DATA LISTING
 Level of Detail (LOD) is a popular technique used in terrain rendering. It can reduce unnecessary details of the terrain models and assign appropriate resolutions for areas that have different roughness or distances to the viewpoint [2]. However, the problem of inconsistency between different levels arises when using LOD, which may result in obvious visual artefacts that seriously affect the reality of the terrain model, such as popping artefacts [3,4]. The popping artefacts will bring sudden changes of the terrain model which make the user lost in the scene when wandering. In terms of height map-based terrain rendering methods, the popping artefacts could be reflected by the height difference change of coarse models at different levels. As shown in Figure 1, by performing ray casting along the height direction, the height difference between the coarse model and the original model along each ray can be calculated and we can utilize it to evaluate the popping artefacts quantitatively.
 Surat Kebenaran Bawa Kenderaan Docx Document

...

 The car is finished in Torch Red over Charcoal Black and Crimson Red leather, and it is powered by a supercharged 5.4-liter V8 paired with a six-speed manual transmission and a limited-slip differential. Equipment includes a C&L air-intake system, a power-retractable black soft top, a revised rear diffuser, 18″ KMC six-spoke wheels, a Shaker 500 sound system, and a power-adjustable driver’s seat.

WHAT YOU WILL DO
Looking back over the data above, restate word for word the lines that begin at the line with "Level of Detail" and end at the line with "Surat Kebenaran Bawa Kenderaan Docx Document", inclusive.

EXERCISE OUTPUT
 Level of Detail (LOD) is a popular technique used in terrain rendering. It can reduce unnecessary details of the terrain models and assign appropriate resolutions for areas that have different roughness or distances to the viewpoint [2]. However, the problem of inconsistency between different levels arises when using LOD, which may result in obvious visual artefacts that seriously affect the reality of the terrain model, such as popping artefacts [3,4]. The popping artefacts will bring sudden changes of the terrain model which make the user lost in the scene when wandering. In terms of height map-based terrain rendering methods, the popping artefacts could be reflected by the height difference change of coarse models at different levels. As shown in Figure 1, by performing ray casting along the height direction, the height difference between the coarse model and the original model along each ray can be calculated and we can utilize it to evaluate the popping artefacts quantitatively.
 Surat Kebenaran Bawa Kenderaan Docx Document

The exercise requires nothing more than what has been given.